José Luis Arroyo Sandoval, manager of an avocado packing house in Michoacan, says the economy will be affected.
“Our work can be reduced because it will not be so attractive to export,” said Arroyo, “because avocados will be expensive, and avocados are already expensive.”
It may not be only Mexican manufacturers that are affected; US consumers may also be hollering.
Mexican business leader Gina Diez Barroso told a press conference on Tuesday that another US agriculture official told her that she had never had as many complaints as when the US government suspended inspections of Mexican avocados in 2022.
“In his life he has never had so much chaos in his office, because they stopped the Mexican avocados,” said Diez Barroso.
Espinoza agrees that consumers may share the pain.
“Gringos need avocados, it’s a good product, and I don’t think they’ll stop eating it,” he said.
Instead, the opposite effect makes him anxious; if Mexico retaliates with its costs, as President Claudia Sheinbaum has suggested, Mexicans will not face a drop in income, but higher prices for US products such as corn, which is the main source of animal feed in Mexico.
“There are a lot of poor people here, so it’s going to hit us one way or another,” Espinoza said. “The United States can pay 25% more for Mexican products, very few of us have enough money to pay 25% more for what we import into the United States.”
It’s not just guacamole; Mexican tequila producers have seen a bonanza in the American market. In 2023, the US imported $4.6 billion worth of tequila and $108 million worth of mezcal from Mexico.
That has raised cautious concerns among tequila producers, including farmers who grow agave in some of the driest, barren soils that can support many other crops.
“We are analyzing the statements of the authorities and their reactions, and in the coming days we will establish a position,” the National Tequila Industry Chamber said in a statement.
And industry representatives say the decline in the use of tequila – the third most popular spirit in America, behind vodka and pre-mixed cocktails – could affect bars, restaurants and clubs in the US.
“At the end of the day, tariffs on spirits from our neighbors to the north and south will hurt American consumers and lead to job losses in America’s hospitality industry as these businesses continue to recover from the pandemic,” the Distilled Spirits Council of the US said in a statement.

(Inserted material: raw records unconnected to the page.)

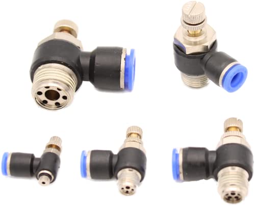 Valvola di scarico pneumatica con filettatura M5 o G 1/8", 1/2" e 4 mm, 6 mm, 8 mm, 10 mm o 12 mm per pneumatici. Tubo flessibile. Vantaggio di una limitazione di scarico: grazie all'aria libera di ingresso e all'aria di scarico ridotta, il comportamento del cilindro viene migliorato e porta ad una velocità costante anche sotto carico.
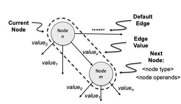 Graph execution starts with an initial node specific to each graph (Graph ID) which is fetched from the GM. Each node has an ID, Node Type and Node Operands which specifies operations to be performed on the input vector or internal stored context. The operation produces an edge value. Example operations might be as simple as selecting some bits from the input vector to produce a new edge value, or the operation might be compared to some selected bit with a range of values or as complex as linear algebra calculation as part of a Support Vector Machine (SVM). If an edge value is not found, then the default edge is used.
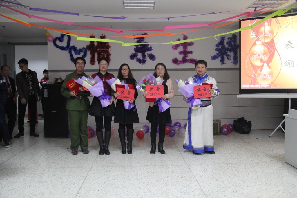 整场联欢会的节目民族、古典与现代兼容,温情与火热并举,形式多样,精彩纷呈。测试分析中心的全体教师的合唱《美丽的草原我的家》将我们带回那个魂牵梦萦的家,制药工程系献上充满温馨的《相亲相爱的一家人》,微生物与发酵工程系玛丽娜独舞《蓝色的蒙古高原》。动物生物技术系全体教师将为大家表演合唱《革命人永远是年轻》,用青春的力量,点燃所有的快乐和梦想;用青春的力量,点亮所有的感动和希望。生物化学与分子生物学系全体教师将表演合唱《萍聚》,一首老歌就如一壶醇酒,暖人心田,回味悠长。微生物与发酵工程系全体教师着汉服走来,诵读经典,穿越了千年的美,为大家献上《汉诗词朗诵》。还有,实验中心的赵世敏、陶羽、刘慧艳三位美女教师为大家献上小合唱《火苗》,植物生物技术的各位老师为大家献上《最炫教师风》。晚会现场还为魏建民老师颁发了工会工作成就奖,对邵世勤等9位老师在工会一年的突出贡献给予了表彰,对员工评选出的白薇等5位“我心目中好老师”给予了表彰。
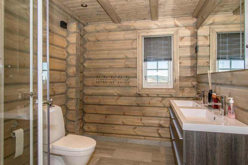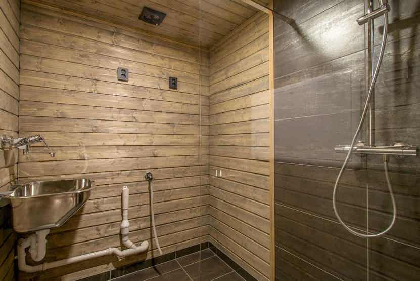 Bad 1 med bruser, WC og sauna. Bad 2 med bruser og WC. Bad 3 med bruser. Bad 4 med WC.

The tariffs could send Mexico into recession immediately. The Mexican financial group Banco Base estimated in a report that for every 1% that Mexican exports increase in price, their volume decreases by 1.33%
Assuming Americans could absorb half the cost impact and simply pay higher prices for Mexican goods, they could reduce their consumption by 12%, Banco Base estimates.

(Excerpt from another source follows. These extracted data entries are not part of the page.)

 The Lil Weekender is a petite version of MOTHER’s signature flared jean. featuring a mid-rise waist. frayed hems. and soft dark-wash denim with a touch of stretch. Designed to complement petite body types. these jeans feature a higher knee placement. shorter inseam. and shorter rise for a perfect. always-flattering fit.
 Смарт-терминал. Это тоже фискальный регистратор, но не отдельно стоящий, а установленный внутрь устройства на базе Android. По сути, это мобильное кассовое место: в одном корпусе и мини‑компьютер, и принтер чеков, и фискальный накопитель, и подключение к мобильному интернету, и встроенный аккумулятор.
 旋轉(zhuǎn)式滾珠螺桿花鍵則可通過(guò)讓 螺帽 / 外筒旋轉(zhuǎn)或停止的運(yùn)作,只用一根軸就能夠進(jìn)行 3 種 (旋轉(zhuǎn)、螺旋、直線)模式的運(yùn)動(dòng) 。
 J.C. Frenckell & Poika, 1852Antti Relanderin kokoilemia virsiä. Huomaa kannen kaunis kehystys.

“This will be reflected in a 4.4% decline in gross domestic product,” the bank wrote, adding “the decline will not occur in 2025, but will worsen if inflation continues for a long time.”

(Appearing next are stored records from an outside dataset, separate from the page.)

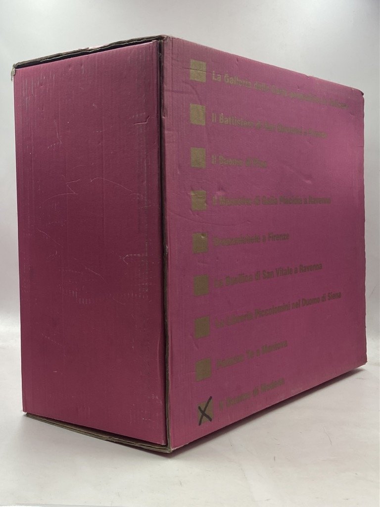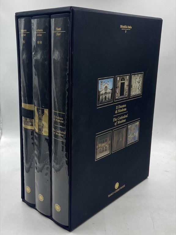Tre volumi in tela editoriale con titoli e fregi dorati, sovraccoperte in acetato, cofanetto rigido in tela con titoli dorati e illustrazioni applicate, il tutto entro custodia protettiva a valigetta e scatola di spedizione originale, cm 31.5 x 25, volume di testo di pp 510 (2) con 203 illustrazioni in nero, due volumi di atlante fotografico a colori di complessive 832 pagine illustrate da oltre 1600 immagini a colori. Buono stato. Novo volume della pregevole collana Mirabilia Italiae diretta da Salvatore Settis, curato da Chiara Frugoni con testi di M. Armandi, R. Bosi, R. Bussi, R. Cattinari, S. Cavicchioli, C. Ciociola, C. Cremonini, M. P. Fantini, N. Forti Grazzini, C. Franzoni, C. Frugoni, A. Galli, A. Garutti, C. Giovannini, S. Lomartire, L. Lorenzini, A. Mazza, A. Milone, R. P. Novello, E. Pagella, A. Peroni, F. Piccinini, F. Rebecchi, L. Rivi, A. Sarchi, G. Trovabene, A. Volpe; Fotografie Ghigo Roli.
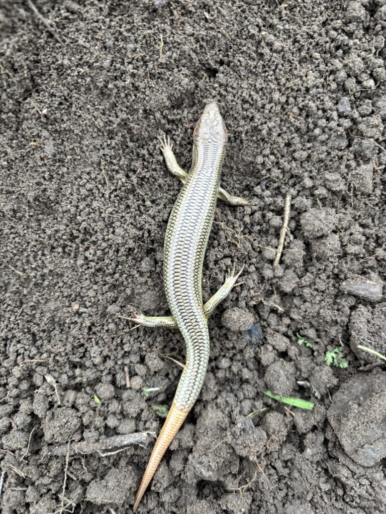 Seasonal Restoration Scientist Ciara Cipponeri and other Science team members were at River Partners’ 2,826-acre Great Valley Grasslands State Park revitalization project along the San Joaquin River in Merced County. An effort led by American Rivers and supported by California State Parks, we used heavy equipment to strategically (and carefully) remove sections of an old, unused levee system to restore a long-disconnected section of the river’s floodplain. Keeping an eye on the soil disturbed by a bulldozer, Cipponeri spied this secretive Gilbert’s skink and moved it to safety.
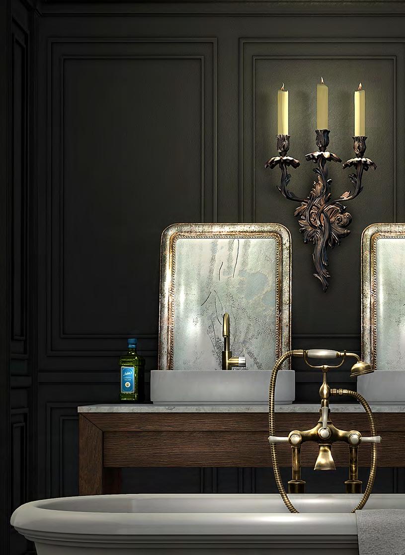 SCONCE + LOUVRE MUSEUM LOUIS XV SCONCE BRASS + NUTMEG COLONIAL BATHROOM TUB W/ TOWEL + FRAMED MIRROR + LUCIE ET LUCIAN RIVE GAUCHE APARTMENT (custom-orders only)
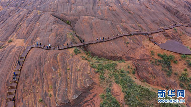 游人在靖邊縣龍洲鎮(zhèn)波浪谷丹霞景區(qū)游覽(9月26日攝,無人機照片)。新華社記者 陶明 攝
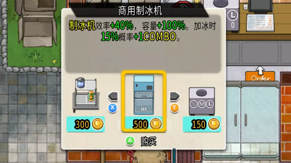 具体操作情况 我已经解锁了全部【补充资金】的家具,初始杯币为900。现在在【设备升级】(恶魔那里)购买【商用制冰机】,花费500杯币。(如果一开始没刷到就只能放弃店铺重来T T)
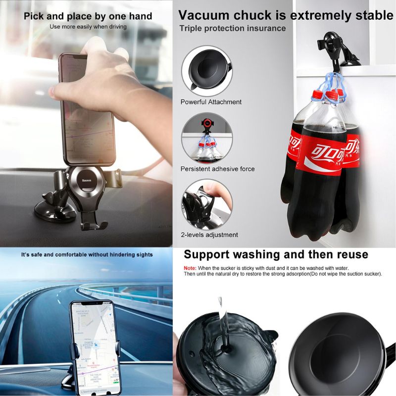 Tính năng sản phẩm Giá đỡ điện thoại hít chân không trên xe hơi SUYL-XP Baseus Osculum Type Gravity Car Mount
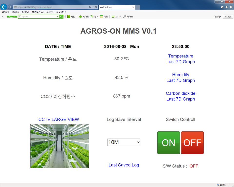 페이지 정보 작성자 유진아이티에스 작성일16-11-11 17:24 조회11,328회 이전글 다음글 목록 본문 - 온실 환경 측정 및 제어- Web Service- 온도, 습도, CO2 측정- CCTV (Web Stream)- GPIO를 통한 Relay 컨트롤- Log 관리 이전글 다음글 목록
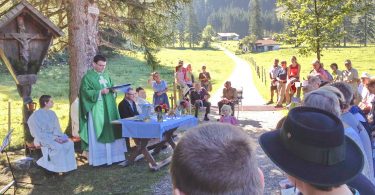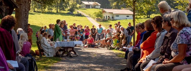 Jedes Jahr im September feiern die drei Pfarreien des Pfarrverbands Riedering am Moserboden eine Bergmesse. An so viele Gläubige, aus den drei Pfarreien Riedering, Söllhuben und Hirnsberg, wie in diesem jahr konnte man sich kaum erinnern. Ein schönes Zeichen, dass der Pfarrverband immer mehr zusammen wächst. Vor genau 30 Jahren lies Maria Daxlberger aus Riedering, kurz vor ihrem Tod, ein großes Wegkreuz aufstellen – und unter diesem Wegkreuz feierten Pfarrer Claus Kebinger und Gemeindereferent Tobias Gaiser mit den Gläubigen den Gottesdienst. Heuer übernahm die Bachecker Blech aus Hirnsberg unter der Leitung von Alois Schlemmer die musikalische Gestaltung. Auch nach dem Gottesdienst spielten die Musikerinnen und Musiker noch an der Hütte vom Daxlberger Sepp einige Stunden auf. Auch wenn die vorbereiteten Biertischgarnituren für alle Besucher bei weitem nicht reichten, fand doch jeder, der wollte irgendwo ein Eck zum zammsitzen – und es blieben wenigstens keine Würschtel und kein Kuchen übrig. Ein wunderschöner Spätsommertag, an dem alle Sinne in Gottes wunderbarer Schöpfung angesprochen wurden.

And prices can affect certain products that are not considered Mexican at all.
Mexico’s Secretary of the Economy, Marcelo Ebrard, said on Wednesday that 88% of all North American trucks come from Mexico, although it was not clear whether he was referring to truck parts or their final assembly.
Ebrard said the 25% tariffs would mean US buyers may have to pay $3,000 more per van.
“It’s shooting itself in the foot,” Ebrard said.